4C reporting season is upon us, which means a deluge of quarterly filings as ASX small caps race to meet the January 29 deadline.

The 4C is a useful scoreboard-check for companies with tight cash-flows.

But apart from the usual metrics (e.g. the cash balance compared to the prior quarter), how can investors use them to get an edge?

We got the rundown this week from Josh Baker at Capital H Management, for insights on how a pro investor uses 4Cs as part of their investment strategy.

4C primer

When it comes to 4C reporting season, which companies actually have to file one? It’s all about cash-flow.

Cash-flow statements have three components — operating cash-flows, cash-flows from investing and cash-flows from financing activities.

Operating cash-flows give an important read on a business because they summarise the key input (cost of goods, cost of staff) costs required to generate revenue.

If a company’s operating cash-flows are negative, the ASX rules dictate they must file a 4C.

To free themselves of the 4C reporting burden, companies need to book positive operating cash-flows for four consecutive quarters.

“You could be a concept stock where the price gets rammed to the moon. But if you’re not generating revenue, you’ll be doing 4Cs forever,” Baker said.

‘Pet peeves’

Baker added that 4Cs are a useful way of uncovering reporting inconsistencies, a “pet peeve” of his in the microcap space.

“They might sign a contract and talk about ARR (annual recurring revenue), but then the next three quarterlies they have no cash. Or there may be trial periods then the ARR drops off. So I’m looking for those inconsistencies.”

Baker says when you’re fresh to a stock, “it’s good to go back and see what metrics they’ve been reporting (in previous 4Cs)”.

“If they start leaving things out you’ve got to work out why. It’s important to keep tabs on how they evolve and what’s missing from one quarter to the next, because usually it’s telling what they don’t choose to talk about.”

Baker contrasted that chicanery against a positive example — US-focused SaaS business Pushpay (ASX:PPH).

The metrics in Pushpay’s 4Cs are “the same every quarter. Customer numbers, ARR, transaction volumes — it’s all consistent so you can track the business,” Baker said.

“That’s what a tell a lot of smaller companies I work with — work out what numbers are important to the business, and stick to them. No matter how good or bad they look.”

One of Capital H Management’s portfolio positions is in Schrole Group (ASX:SCL), the HR-tech platform for international schools.

“Working in the international school sector, most of their revenue is in US dollars, so that’s what they report in.”

“Just getting all those metrics consistent is a good ‘tell’ for a company, because you know they’re trying to be professional about it.”

Piecing it together

In line with the importance of consistency, each filing in 4C reporting season “shouldn’t be looked at in isolation”, Baker said.

Tracking 4Cs over time gives you an opportunity to piece together the operations of a business, and build a more sound understanding.

In other words, it’s a useful way to DYOR (do your own research).

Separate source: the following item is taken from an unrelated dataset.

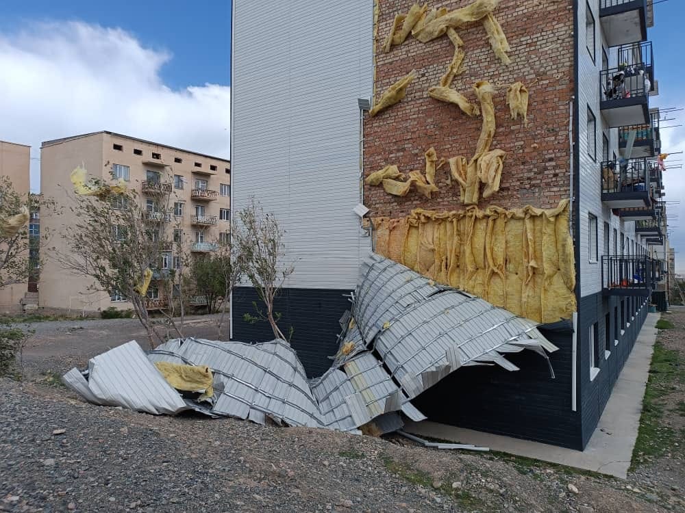 Балыкчыда катуу шамал көп кабаттуу үйдүн сыртын учуруп кетти

“The first thing is you’ve got to actually have expectations of what the numbers might look like,” he says.

And you can’t establish expectations with doing some background research. “Make sure you understand the business model — how their accruals work and the timing of when they receive cash from contracts”.

As an example, Baker pointed to the software-as-a-service (SaaS) sector — an investor favourite which counts a number of ASX small caps looking to scale recurring-revenue business models.

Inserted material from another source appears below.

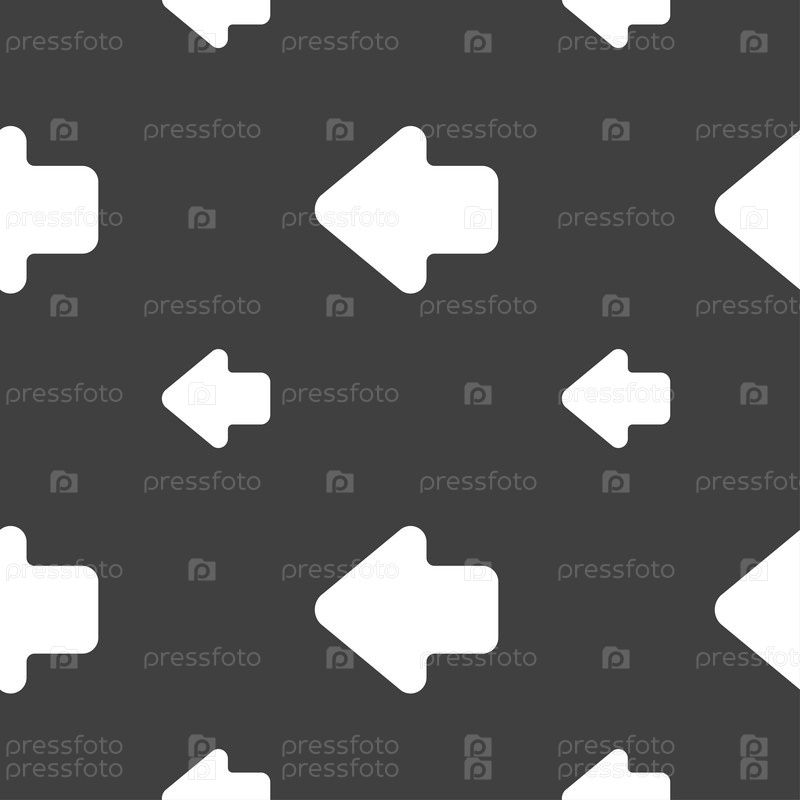 Стрелка влево, выход значок знак. Бесшовный узор на сером фоне. Вектор

“They might announce the contract, but then it will be 3-6 months until the service is implemented. So they book the revenue, and then you can use the 4C three months later to see if they’ve collected the cash.”

Also, keep an eye out for companies looking to overstate the importance of once-off cash injections such as R&D grants or tax benefits.

“Say they have an uplift in work — depending on the timing of the tax payment on your BAS (business activity statement), you can punch out a really strong cash flow number. But in the next quarter you can get a reversal.”

“So again, with the timing around payments you have to look at it in conjunction with prior quarterlies.”

“When you’re assessing those numbers, you need to ask — what’s the previous outlook from the company, and are they living up to that narrative? That’s really important for microcaps,” Baker said.

“As part of that, you’re looking at entire peer set — is there an organic growth tailwind that they’re all benefitting from?”

“In that context it’s not just 4Cs — you’re also looking for trading updates from mid-cap or large cap stocks that are operating in the same sector.”

“For example in online retail everyone benefitted, we know the tailwind’s there. And that’s when it comes back to what the expectations are.”